Debates over what types of ships to build are as old as the Republic itself.
There was a costly, unpopular, long war under way against insurgents. Congress and the Navy debated about the costs of large ships. The economy was in crisis. The Navy faced multiple missions, including maritime interception and anti-piracy operations. Today's headlines? No, the year was 1837.

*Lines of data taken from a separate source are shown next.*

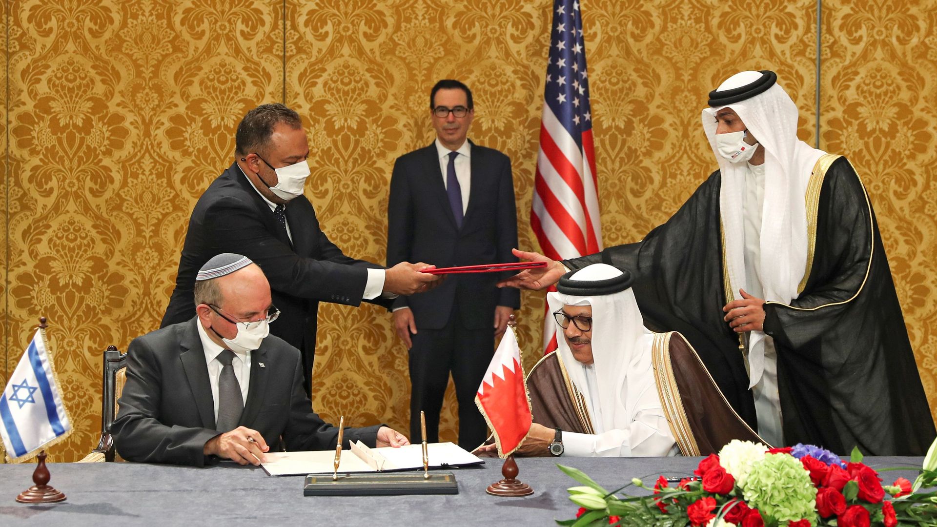 Sealing the deal, in Manama. Photo: Onen Zvulun/AFP via Getty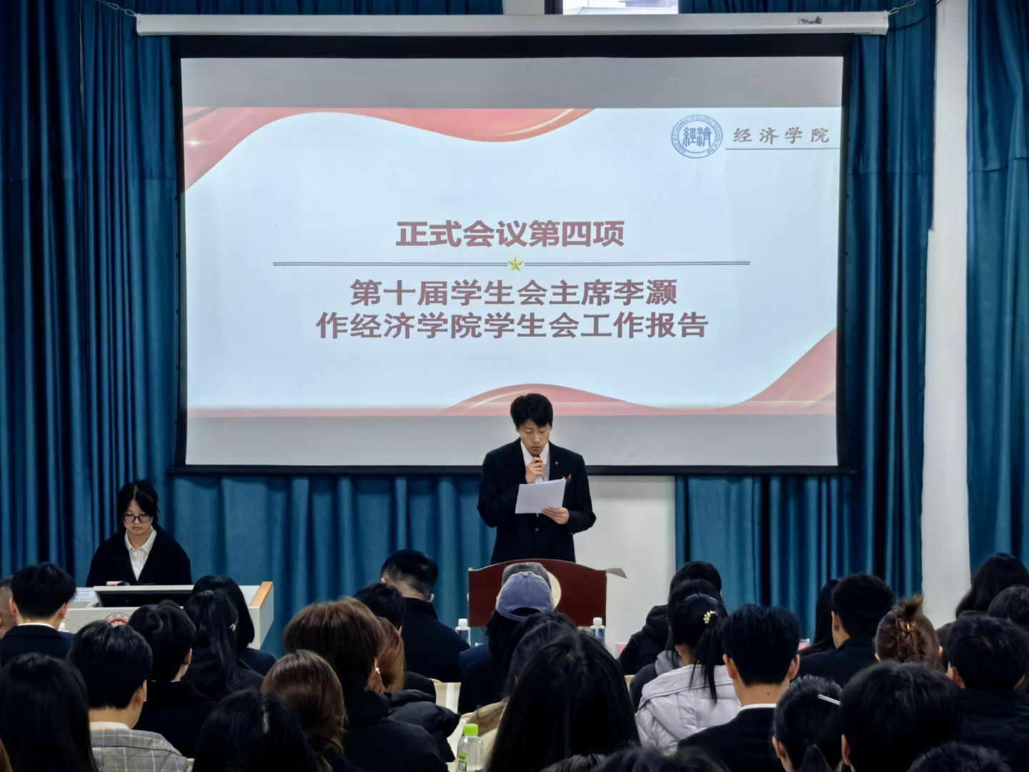 第十届学生会主席李灏与第七届研究生会主席李兴鑫分别作工作报告。汇报了过去一年在学院党委、校团委领导及院团委指导下的工作,涵盖学术、文体、实践等领域,同时指出组织协调、成员积极性等问题,并从干部能力、部门协作等方面提出改进建议。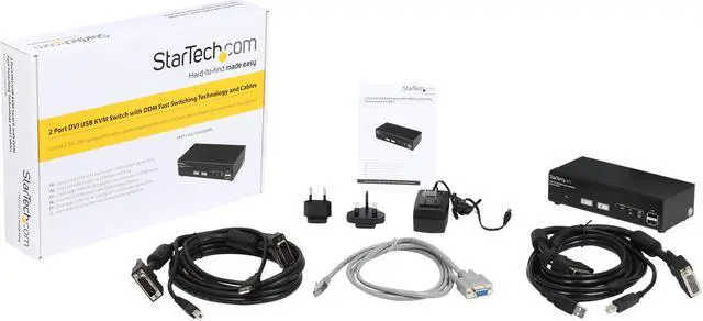 1 x KVM Switch 2 x 6ft USB DVI-D KVM Cables 1 x Firmware Upgrade Cable 1 x Universal Power Adapter (NA/EU/UK) 1 x Instruction Manual

'The Best Looking Three-Decker'
Visitors began arriving at 0700 from "all parts of the compass" at the Philadelphia Naval Shipyard. Less than three hours later, the current of people coursed "like a stream of many tides." Staging seats for 800 people were available for $1 each though most people on this calm, sunny July day would have to stand or climb to the roofs of local buildings to get a glimpse of the event. "One great sea of human heads"—100,000 to 200,000—attended. The designer, Samuel Humphreys, and the ship's builder, James Keen, sat close to the shipway, with the yard's commandant presiding over the launch.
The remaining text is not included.